It's like that when they come at us and we get away with it: there's no relief. And when we've got to go for them and make a killing it's no different, because they are our opposite number and we understand them, sometimes more than we can understand ourselves, and underneath the scaly carapace that shelters us and our conscience we know we're brothers, and when we've got to do it to them we don't do it lightly; we do it with pain, however subdued, and the stress goes on building and there's no relief, just the feeling of Christ, there but for the grace, so forth, it could have been me, and in a way, it was.

Night thoughts.

Ignore.

Death thoughts.

Let them come.

Let 'em come, my brave lads, let nothing you dismay, the bugle's sounding and the flag's a-flutter in the wind, so let 'em come, my boys… but it's not like that any more and it's not like that when you're alone and the notes of the bugle fade and the colours of the flag grow dark in the shadows of night and all you can see is his squat foreshortened body and the barrel of the gun sticking out and the moon's light on his white clown's face as you wait and count off the time and then kick forward from the edge of the tiles, oh come on for Christ's sake it's quite simple but I might have got it wrong as I drop and go down and take my fear with me, ice in the gut, watching his gun, death on my breath, all the way down, all the way down.

27: Storm

Tung Kuo-feng sat perfectly still.

"My son is precious to me," he said in his toneless English. "Our line stems from the Ch'ing dynasty, and he is my oldest."

I said nothing.

"They knew that," he said with his night-dark eyes brooding on mine. "That is why they abducted him."

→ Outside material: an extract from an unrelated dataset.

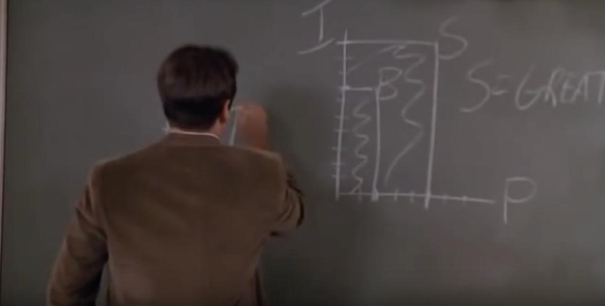 Early in Dead Poets Society, there’s a scene where Robin Williams’s character, John Keating, introduces his class to poetry. To do so, he has one of his students read a section of the introduction of a fictional book called Understanding Poetry. The introduction describes a chart that works as a literal blueprint for measuring the greatness of a poem. As the boy reads, Keating draws what’s being said. Here’s what he ends up with:

For an instant I saw a sinuous shadow moving towards him across the flagstones; then it was gone. This time it was not a dream.

The submachine gun lay in the corner of the small ornate room under a folded tapestry he'd taken down from the wall. The body of the Korean guard was among the rocks below the parapet; in the pocket of his tracksuit I'd found some bookmatches and a half-empty packet of cigarettes; they were all the tools I would need.

Tung had asked me nothing, a few minutes ago when I'd called his name through the grilled aperture and said I must talk to him. Seeing the gun and the empty courtyard he knew what must have happened. Now we were sitting facing each other in the lotus position on the Thai silk carpet. I asked him how much he valued his son's life, and he'd answered me.

"There's a chance I can save him," I said now.

"Was there a message?" He meant from Ferris, on the radio.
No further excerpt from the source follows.